→ **Work required**: Your answer must restate the listing below word for word and contain no images.
= = = =
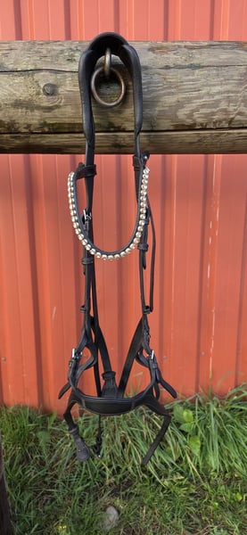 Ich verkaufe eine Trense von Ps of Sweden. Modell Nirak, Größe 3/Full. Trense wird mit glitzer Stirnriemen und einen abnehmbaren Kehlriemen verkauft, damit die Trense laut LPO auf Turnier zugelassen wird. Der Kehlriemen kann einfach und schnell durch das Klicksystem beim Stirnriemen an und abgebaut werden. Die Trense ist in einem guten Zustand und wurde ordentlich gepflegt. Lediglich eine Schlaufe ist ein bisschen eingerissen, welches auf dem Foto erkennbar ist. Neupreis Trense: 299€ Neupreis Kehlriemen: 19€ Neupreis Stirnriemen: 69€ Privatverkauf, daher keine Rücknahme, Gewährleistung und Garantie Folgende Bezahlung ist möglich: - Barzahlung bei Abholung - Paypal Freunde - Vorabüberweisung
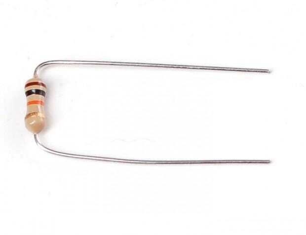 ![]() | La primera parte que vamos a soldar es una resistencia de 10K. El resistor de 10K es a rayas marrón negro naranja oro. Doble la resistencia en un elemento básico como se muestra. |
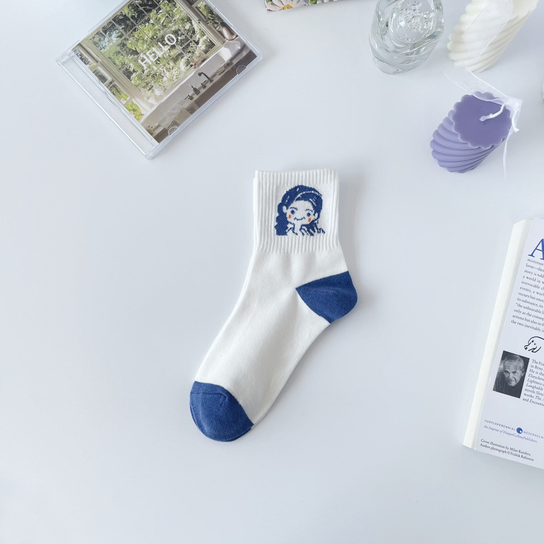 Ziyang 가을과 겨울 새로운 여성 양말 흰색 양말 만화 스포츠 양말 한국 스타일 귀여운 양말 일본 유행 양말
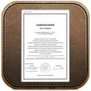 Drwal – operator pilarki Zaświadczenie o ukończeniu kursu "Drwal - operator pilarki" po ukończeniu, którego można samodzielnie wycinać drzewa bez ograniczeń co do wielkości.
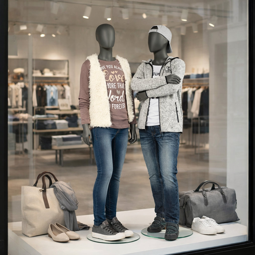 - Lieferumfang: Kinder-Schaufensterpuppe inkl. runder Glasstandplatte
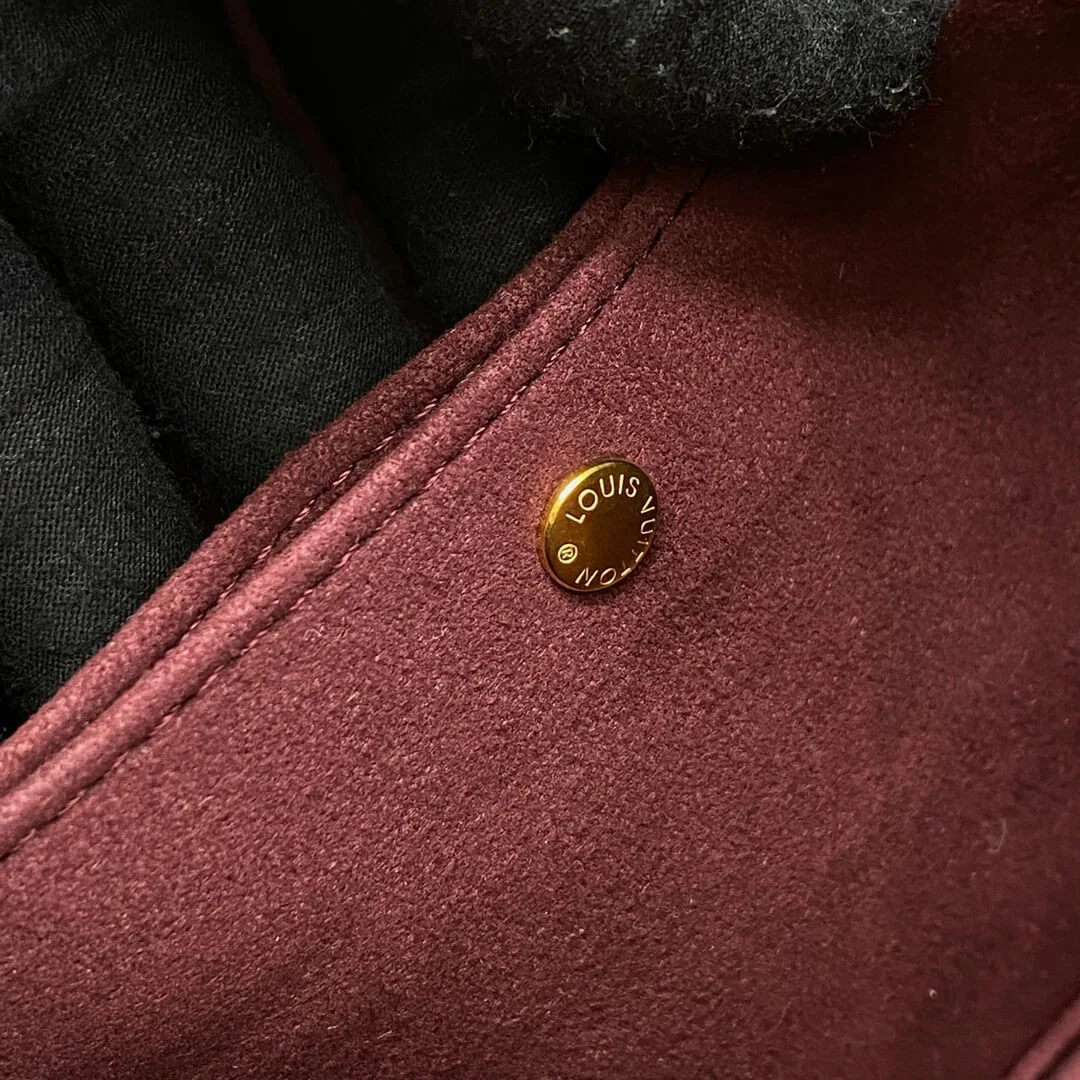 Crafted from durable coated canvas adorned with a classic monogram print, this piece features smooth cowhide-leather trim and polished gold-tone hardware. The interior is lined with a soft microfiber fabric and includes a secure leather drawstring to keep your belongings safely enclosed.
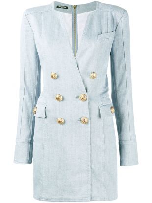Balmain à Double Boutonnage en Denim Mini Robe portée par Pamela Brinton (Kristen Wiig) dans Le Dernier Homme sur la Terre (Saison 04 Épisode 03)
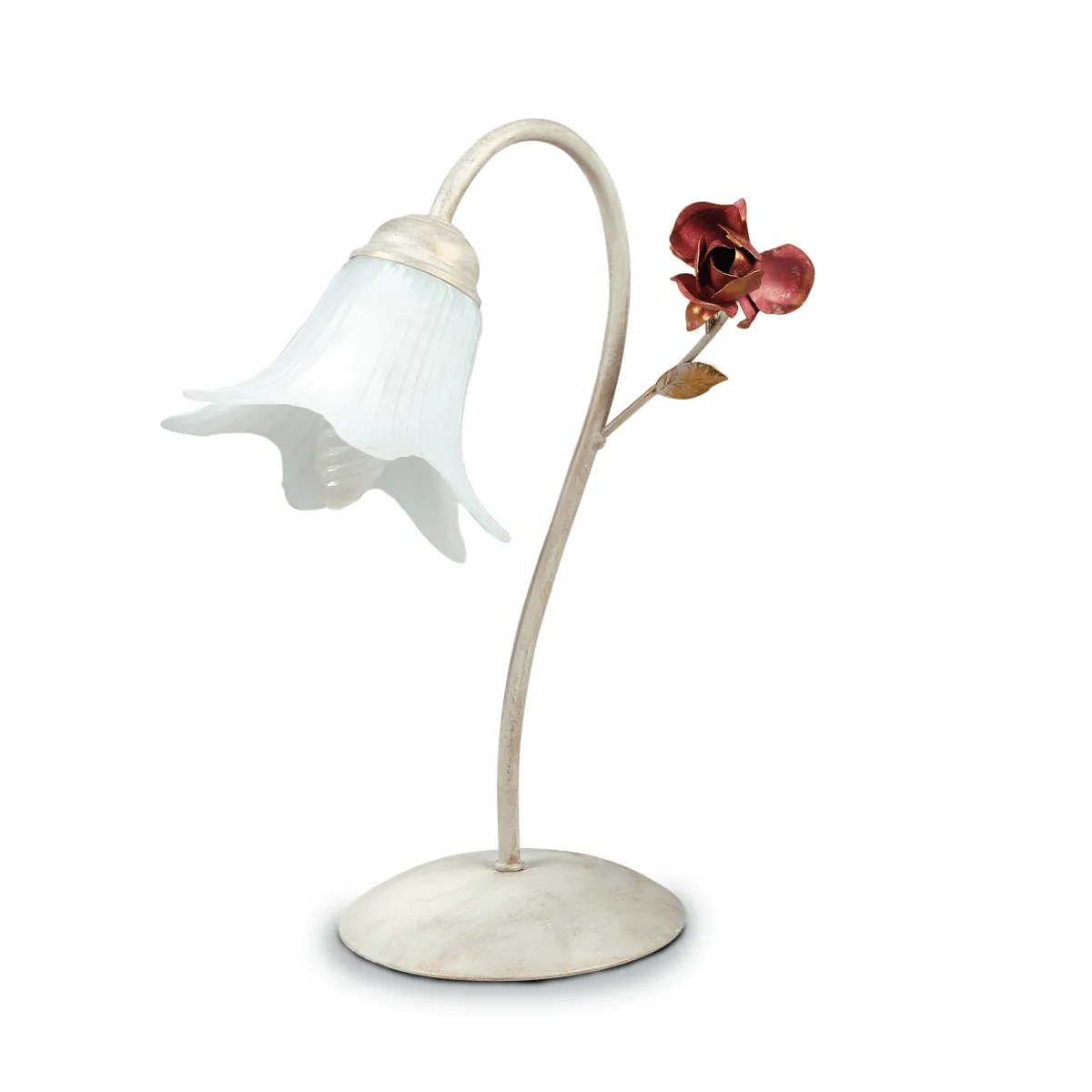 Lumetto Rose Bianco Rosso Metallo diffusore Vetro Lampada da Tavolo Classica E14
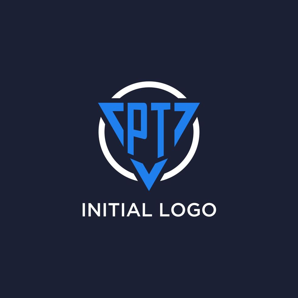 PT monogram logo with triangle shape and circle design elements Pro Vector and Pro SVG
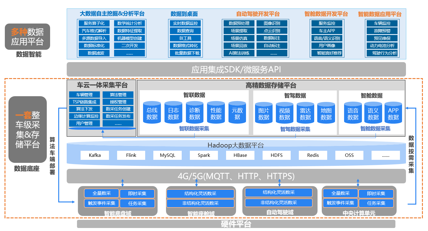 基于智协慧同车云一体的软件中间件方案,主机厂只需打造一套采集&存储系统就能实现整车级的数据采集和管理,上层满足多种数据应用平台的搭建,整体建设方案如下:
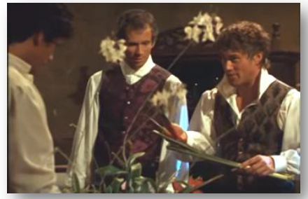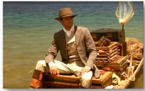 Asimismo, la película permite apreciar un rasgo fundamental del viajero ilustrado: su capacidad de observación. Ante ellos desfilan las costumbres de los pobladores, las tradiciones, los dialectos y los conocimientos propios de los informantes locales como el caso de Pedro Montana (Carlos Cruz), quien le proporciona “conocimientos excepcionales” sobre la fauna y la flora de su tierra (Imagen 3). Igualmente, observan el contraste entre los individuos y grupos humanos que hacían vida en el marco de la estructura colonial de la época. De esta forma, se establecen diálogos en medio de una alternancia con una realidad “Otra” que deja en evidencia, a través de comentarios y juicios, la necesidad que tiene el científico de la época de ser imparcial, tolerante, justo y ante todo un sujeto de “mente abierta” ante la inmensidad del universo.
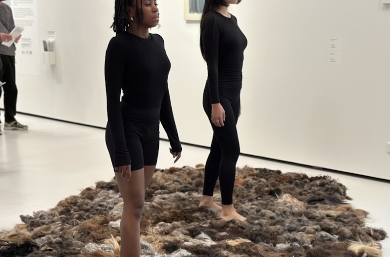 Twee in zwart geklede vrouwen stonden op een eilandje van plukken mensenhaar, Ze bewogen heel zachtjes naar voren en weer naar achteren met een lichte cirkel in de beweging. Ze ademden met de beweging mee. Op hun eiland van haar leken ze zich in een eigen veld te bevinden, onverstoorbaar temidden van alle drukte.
= = = =
→ **Response below**:
 Ich verkaufe eine Trense von Ps of Sweden. Modell Nirak, Größe 3/Full. Trense wird mit glitzer Stirnriemen und einen abnehmbaren Kehlriemen verkauft, damit die Trense laut LPO auf Turnier zugelassen wird. Der Kehlriemen kann einfach und schnell durch das Klicksystem beim Stirnriemen an und abgebaut werden. Die Trense ist in einem guten Zustand und wurde ordentlich gepflegt. Lediglich eine Schlaufe ist ein bisschen eingerissen, welches auf dem Foto erkennbar ist. Neupreis Trense: 299€ Neupreis Kehlriemen: 19€ Neupreis Stirnriemen: 69€ Privatverkauf, daher keine Rücknahme, Gewährleistung und Garantie Folgende Bezahlung ist möglich: - Barzahlung bei Abholung - Paypal Freunde - Vorabüberweisung
 ![]() | La primera parte que vamos a soldar es una resistencia de 10K. El resistor de 10K es a rayas marrón negro naranja oro. Doble la resistencia en un elemento básico como se muestra. |
 Ziyang 가을과 겨울 새로운 여성 양말 흰색 양말 만화 스포츠 양말 한국 스타일 귀여운 양말 일본 유행 양말
 Drwal – operator pilarki Zaświadczenie o ukończeniu kursu "Drwal - operator pilarki" po ukończeniu, którego można samodzielnie wycinać drzewa bez ograniczeń co do wielkości.
 - Lieferumfang: Kinder-Schaufensterpuppe inkl. runder Glasstandplatte
 Crafted from durable coated canvas adorned with a classic monogram print, this piece features smooth cowhide-leather trim and polished gold-tone hardware. The interior is lined with a soft microfiber fabric and includes a secure leather drawstring to keep your belongings safely enclosed.
Balmain à Double Boutonnage en Denim Mini Robe portée par Pamela Brinton (Kristen Wiig) dans Le Dernier Homme sur la Terre (Saison 04 Épisode 03)
 Lumetto Rose Bianco Rosso Metallo diffusore Vetro Lampada da Tavolo Classica E14
 PT monogram logo with triangle shape and circle design elements Pro Vector and Pro SVG
 基于智协慧同车云一体的软件中间件方案,主机厂只需打造一套采集&存储系统就能实现整车级的数据采集和管理,上层满足多种数据应用平台的搭建,整体建设方案如下:
 Asimismo, la película permite apreciar un rasgo fundamental del viajero ilustrado: su capacidad de observación. Ante ellos desfilan las costumbres de los pobladores, las tradiciones, los dialectos y los conocimientos propios de los informantes locales como el caso de Pedro Montana (Carlos Cruz), quien le proporciona “conocimientos excepcionales” sobre la fauna y la flora de su tierra (Imagen 3). Igualmente, observan el contraste entre los individuos y grupos humanos que hacían vida en el marco de la estructura colonial de la época. De esta forma, se establecen diálogos en medio de una alternancia con una realidad “Otra” que deja en evidencia, a través de comentarios y juicios, la necesidad que tiene el científico de la época de ser imparcial, tolerante, justo y ante todo un sujeto de “mente abierta” ante la inmensidad del universo.
 Twee in zwart geklede vrouwen stonden op een eilandje van plukken mensenhaar, Ze bewogen heel zachtjes naar voren en weer naar achteren met een lichte cirkel in de beweging. Ze ademden met de beweging mee. Op hun eiland van haar leken ze zich in een eigen veld te bevinden, onverstoorbaar temidden van alle drukte.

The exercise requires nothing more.